▼

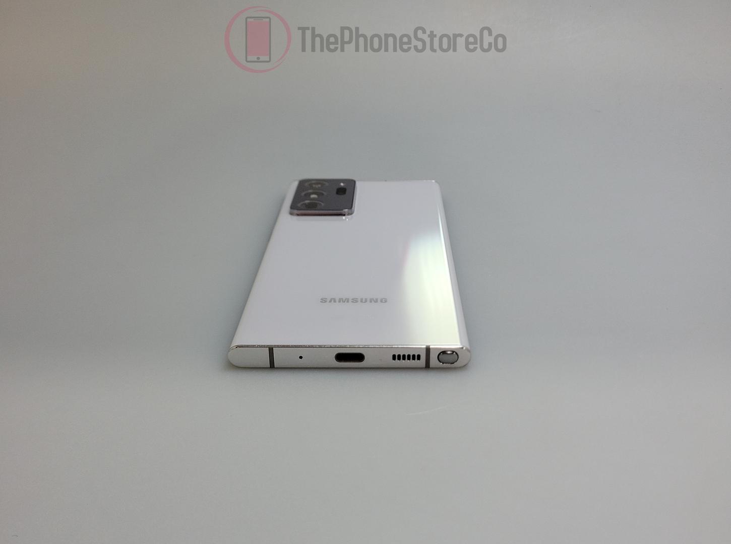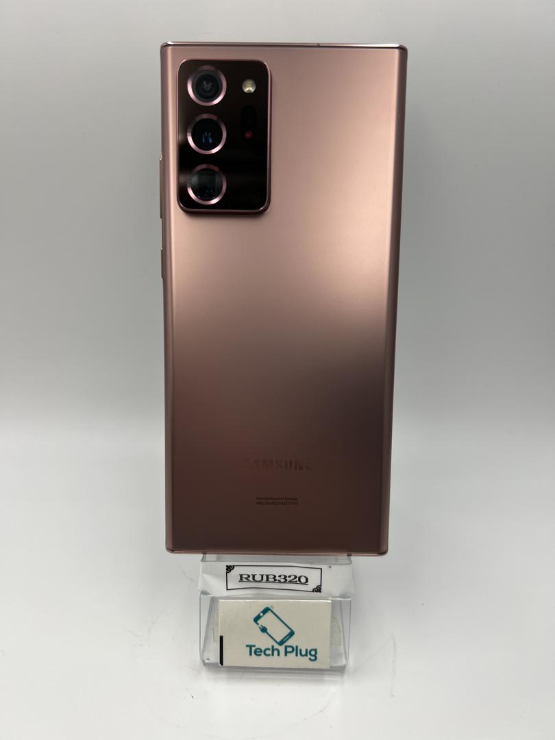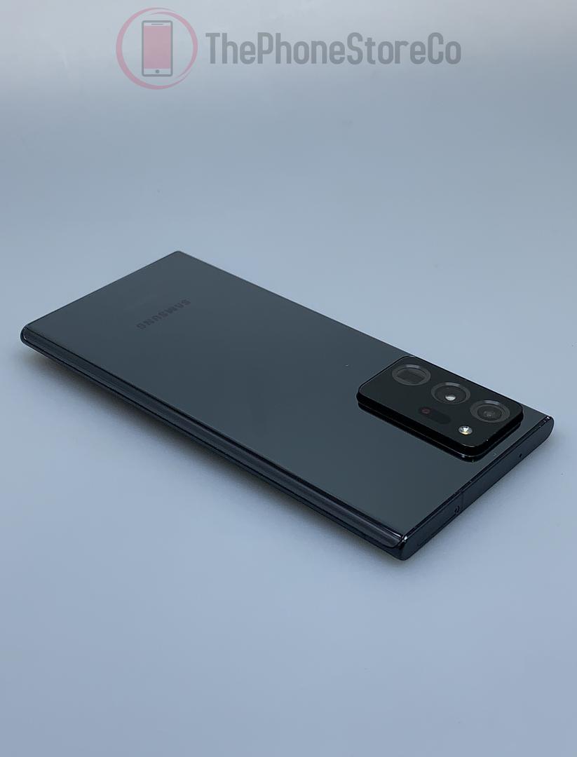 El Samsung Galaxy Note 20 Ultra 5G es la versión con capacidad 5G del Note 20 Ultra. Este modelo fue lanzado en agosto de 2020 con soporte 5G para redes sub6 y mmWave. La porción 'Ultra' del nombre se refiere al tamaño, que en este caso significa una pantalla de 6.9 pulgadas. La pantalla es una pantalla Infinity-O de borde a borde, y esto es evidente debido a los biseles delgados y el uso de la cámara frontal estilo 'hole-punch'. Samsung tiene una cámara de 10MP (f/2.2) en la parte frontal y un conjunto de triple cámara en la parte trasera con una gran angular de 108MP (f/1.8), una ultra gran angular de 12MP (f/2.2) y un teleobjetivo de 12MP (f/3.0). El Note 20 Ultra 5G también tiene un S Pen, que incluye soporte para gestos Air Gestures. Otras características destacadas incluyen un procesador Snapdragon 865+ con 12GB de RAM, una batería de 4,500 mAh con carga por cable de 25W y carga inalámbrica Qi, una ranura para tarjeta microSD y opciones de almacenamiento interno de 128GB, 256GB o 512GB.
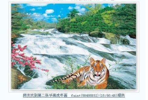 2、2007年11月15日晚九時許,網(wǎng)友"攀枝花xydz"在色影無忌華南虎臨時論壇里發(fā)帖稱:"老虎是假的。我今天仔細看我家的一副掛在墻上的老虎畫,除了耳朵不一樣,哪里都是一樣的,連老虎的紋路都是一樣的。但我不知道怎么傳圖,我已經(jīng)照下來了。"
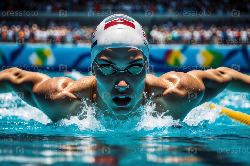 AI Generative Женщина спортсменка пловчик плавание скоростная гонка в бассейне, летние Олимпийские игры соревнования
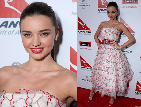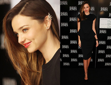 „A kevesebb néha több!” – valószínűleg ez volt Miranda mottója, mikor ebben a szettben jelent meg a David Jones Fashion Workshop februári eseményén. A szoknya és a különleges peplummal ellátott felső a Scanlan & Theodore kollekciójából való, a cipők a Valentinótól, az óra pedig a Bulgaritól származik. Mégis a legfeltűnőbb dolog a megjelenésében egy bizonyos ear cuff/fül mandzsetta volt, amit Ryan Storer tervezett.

▲

To answer, repeat exactly the lines from the line containing "2、2007年11月15日晚" through the last line of the data above, leaving out all pictures.

Exercise answer —
 2、2007年11月15日晚九時許,網(wǎng)友"攀枝花xydz"在色影無忌華南虎臨時論壇里發(fā)帖稱:"老虎是假的。我今天仔細看我家的一副掛在墻上的老虎畫,除了耳朵不一樣,哪里都是一樣的,連老虎的紋路都是一樣的。但我不知道怎么傳圖,我已經(jīng)照下來了。"
 AI Generative Женщина спортсменка пловчик плавание скоростная гонка в бассейне, летние Олимпийские игры соревнования
 „A kevesebb néha több!” – valószínűleg ez volt Miranda mottója, mikor ebben a szettben jelent meg a David Jones Fashion Workshop februári eseményén. A szoknya és a különleges peplummal ellátott felső a Scanlan & Theodore kollekciójából való, a cipők a Valentinótól, az óra pedig a Bulgaritól származik. Mégis a legfeltűnőbb dolog a megjelenésében egy bizonyos ear cuff/fül mandzsetta volt, amit Ryan Storer tervezett.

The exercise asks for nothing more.